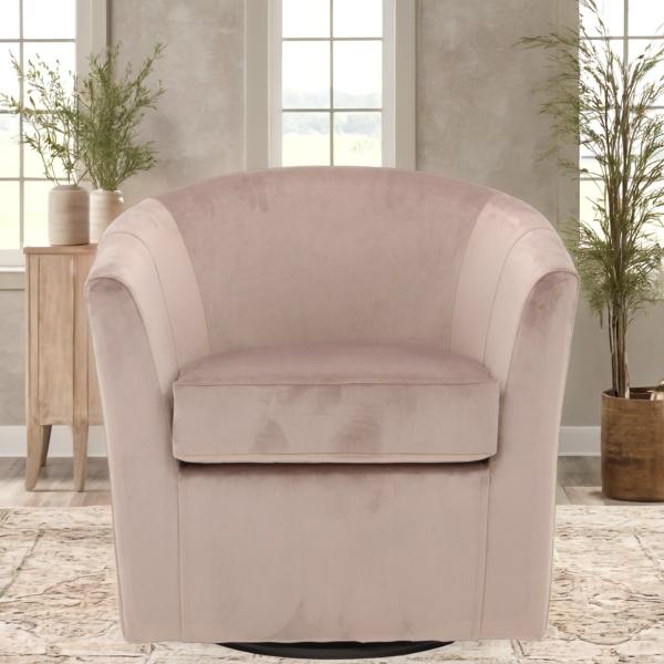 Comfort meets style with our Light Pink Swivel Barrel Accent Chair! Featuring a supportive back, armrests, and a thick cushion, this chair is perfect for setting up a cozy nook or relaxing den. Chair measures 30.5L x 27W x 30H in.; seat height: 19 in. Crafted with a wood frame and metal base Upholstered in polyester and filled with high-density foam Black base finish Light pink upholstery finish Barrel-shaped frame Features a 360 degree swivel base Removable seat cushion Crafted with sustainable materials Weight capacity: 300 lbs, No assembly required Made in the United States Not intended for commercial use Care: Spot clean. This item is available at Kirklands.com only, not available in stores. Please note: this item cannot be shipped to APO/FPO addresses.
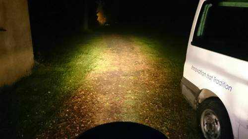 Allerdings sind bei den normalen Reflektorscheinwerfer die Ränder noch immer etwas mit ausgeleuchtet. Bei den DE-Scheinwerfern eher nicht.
...
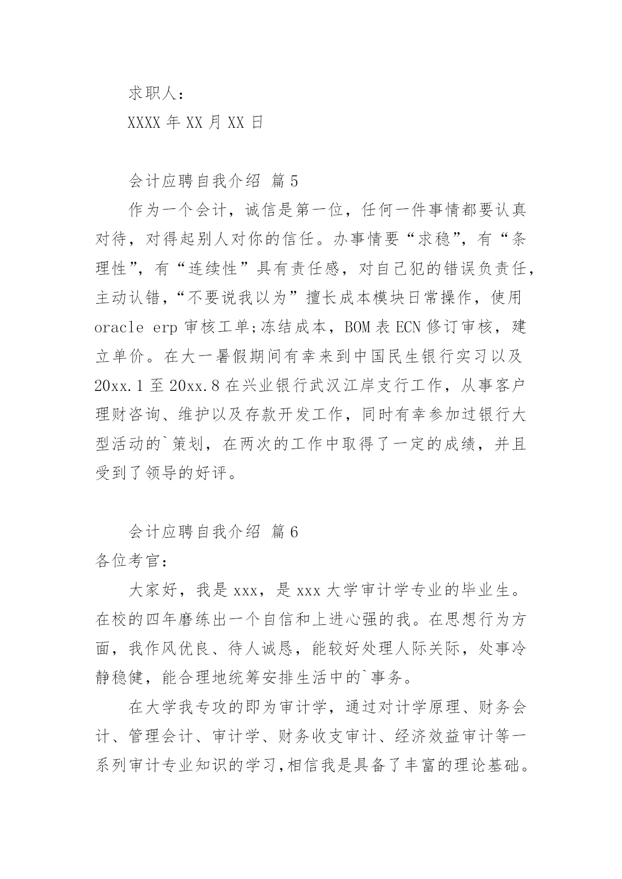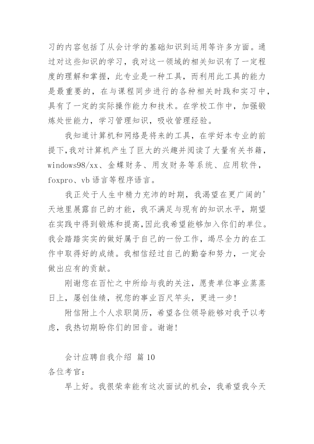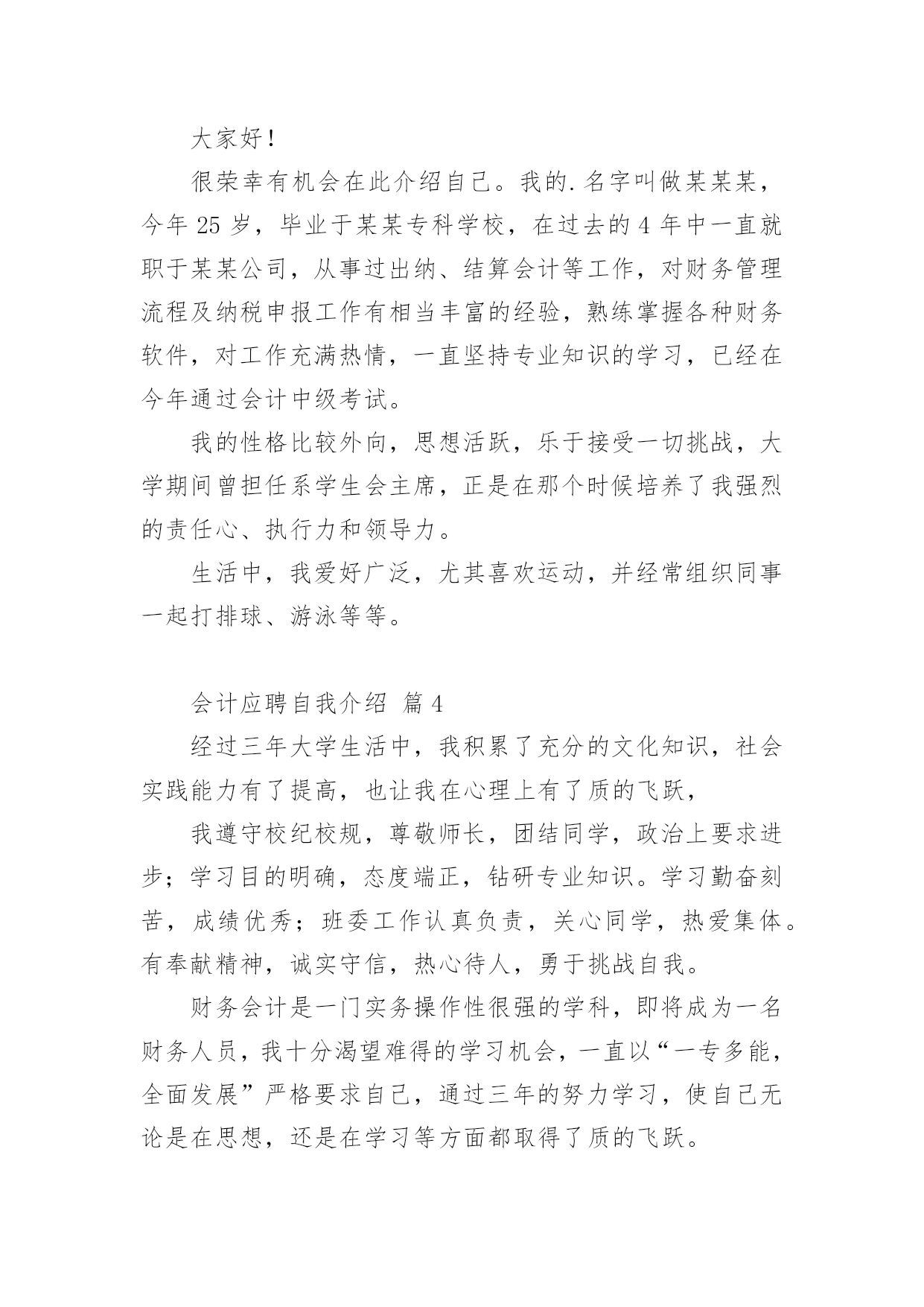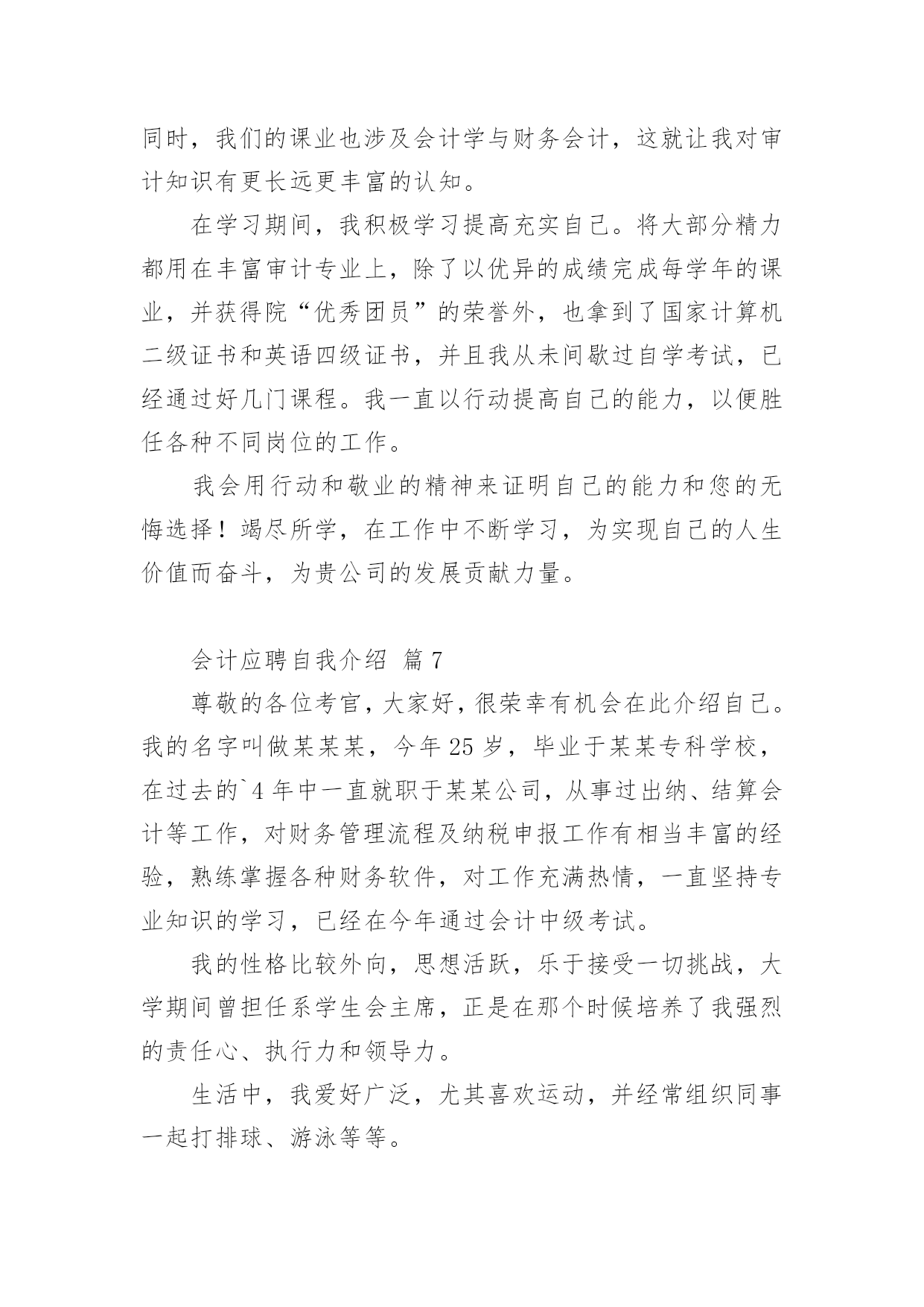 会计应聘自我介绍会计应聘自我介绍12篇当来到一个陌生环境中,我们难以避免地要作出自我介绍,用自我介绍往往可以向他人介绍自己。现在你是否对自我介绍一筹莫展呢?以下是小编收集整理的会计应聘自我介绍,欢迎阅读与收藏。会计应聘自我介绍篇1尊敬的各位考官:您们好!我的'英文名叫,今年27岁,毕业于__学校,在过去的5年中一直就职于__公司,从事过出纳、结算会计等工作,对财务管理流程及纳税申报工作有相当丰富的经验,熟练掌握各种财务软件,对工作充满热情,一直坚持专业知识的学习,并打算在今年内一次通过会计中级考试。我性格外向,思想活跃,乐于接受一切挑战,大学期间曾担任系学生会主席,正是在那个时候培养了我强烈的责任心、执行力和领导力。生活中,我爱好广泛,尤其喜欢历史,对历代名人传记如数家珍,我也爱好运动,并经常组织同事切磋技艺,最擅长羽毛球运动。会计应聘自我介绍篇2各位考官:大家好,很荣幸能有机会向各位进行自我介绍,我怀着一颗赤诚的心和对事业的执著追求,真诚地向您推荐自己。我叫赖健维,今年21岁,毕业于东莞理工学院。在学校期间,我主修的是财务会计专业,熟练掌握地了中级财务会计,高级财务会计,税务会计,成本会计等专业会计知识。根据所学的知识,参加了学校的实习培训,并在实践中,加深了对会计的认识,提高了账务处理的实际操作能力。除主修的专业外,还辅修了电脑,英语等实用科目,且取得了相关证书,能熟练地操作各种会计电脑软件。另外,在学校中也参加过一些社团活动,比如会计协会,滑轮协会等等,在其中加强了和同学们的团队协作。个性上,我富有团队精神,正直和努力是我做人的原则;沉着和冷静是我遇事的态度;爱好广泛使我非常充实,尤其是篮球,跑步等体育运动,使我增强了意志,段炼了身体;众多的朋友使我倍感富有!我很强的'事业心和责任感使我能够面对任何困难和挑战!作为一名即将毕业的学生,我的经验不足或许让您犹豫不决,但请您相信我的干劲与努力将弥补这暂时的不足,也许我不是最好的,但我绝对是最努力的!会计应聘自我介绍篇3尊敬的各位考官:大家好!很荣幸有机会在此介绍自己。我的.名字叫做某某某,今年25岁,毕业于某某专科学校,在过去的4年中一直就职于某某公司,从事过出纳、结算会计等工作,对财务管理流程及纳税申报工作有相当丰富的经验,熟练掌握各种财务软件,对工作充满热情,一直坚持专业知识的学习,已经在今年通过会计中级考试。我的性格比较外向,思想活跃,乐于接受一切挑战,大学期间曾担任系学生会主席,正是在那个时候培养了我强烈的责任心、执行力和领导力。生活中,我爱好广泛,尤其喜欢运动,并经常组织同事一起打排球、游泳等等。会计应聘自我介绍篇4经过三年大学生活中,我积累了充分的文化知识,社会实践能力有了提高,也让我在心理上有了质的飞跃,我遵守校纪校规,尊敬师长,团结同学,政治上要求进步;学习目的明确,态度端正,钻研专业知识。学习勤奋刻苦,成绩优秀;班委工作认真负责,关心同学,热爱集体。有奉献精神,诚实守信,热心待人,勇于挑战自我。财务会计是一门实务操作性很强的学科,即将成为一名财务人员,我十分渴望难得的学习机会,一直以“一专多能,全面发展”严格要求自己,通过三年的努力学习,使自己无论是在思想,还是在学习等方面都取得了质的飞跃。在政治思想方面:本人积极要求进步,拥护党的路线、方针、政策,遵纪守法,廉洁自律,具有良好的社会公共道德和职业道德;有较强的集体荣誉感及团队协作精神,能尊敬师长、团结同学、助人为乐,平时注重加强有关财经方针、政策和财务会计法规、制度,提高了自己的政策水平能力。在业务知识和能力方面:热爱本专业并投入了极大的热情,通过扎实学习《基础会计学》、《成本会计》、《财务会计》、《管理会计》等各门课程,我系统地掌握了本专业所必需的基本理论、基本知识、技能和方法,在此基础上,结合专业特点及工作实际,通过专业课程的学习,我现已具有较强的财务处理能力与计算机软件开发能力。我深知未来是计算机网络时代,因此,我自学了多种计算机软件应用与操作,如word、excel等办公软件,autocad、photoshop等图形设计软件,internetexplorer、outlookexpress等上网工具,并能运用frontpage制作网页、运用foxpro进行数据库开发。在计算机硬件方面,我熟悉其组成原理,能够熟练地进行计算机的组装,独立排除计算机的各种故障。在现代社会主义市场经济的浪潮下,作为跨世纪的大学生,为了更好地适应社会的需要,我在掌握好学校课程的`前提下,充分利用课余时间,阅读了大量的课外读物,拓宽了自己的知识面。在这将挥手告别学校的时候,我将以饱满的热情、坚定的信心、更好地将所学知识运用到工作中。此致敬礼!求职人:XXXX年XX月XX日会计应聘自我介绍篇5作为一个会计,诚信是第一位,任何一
* * *
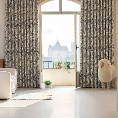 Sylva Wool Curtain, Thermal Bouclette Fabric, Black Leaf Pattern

Assignment ▸
Each line above starting at the one holding "Comfort meets style" and ending at the one holding "Allerdings sind bei" should be set down exactly as it stands, both ends included, with no pictures.

Result of this task ▸
 Comfort meets style with our Light Pink Swivel Barrel Accent Chair! Featuring a supportive back, armrests, and a thick cushion, this chair is perfect for setting up a cozy nook or relaxing den. Chair measures 30.5L x 27W x 30H in.; seat height: 19 in. Crafted with a wood frame and metal base Upholstered in polyester and filled with high-density foam Black base finish Light pink upholstery finish Barrel-shaped frame Features a 360 degree swivel base Removable seat cushion Crafted with sustainable materials Weight capacity: 300 lbs, No assembly required Made in the United States Not intended for commercial use Care: Spot clean. This item is available at Kirklands.com only, not available in stores. Please note: this item cannot be shipped to APO/FPO addresses.
 Allerdings sind bei den normalen Reflektorscheinwerfer die Ränder noch immer etwas mit ausgeleuchtet. Bei den DE-Scheinwerfern eher nicht.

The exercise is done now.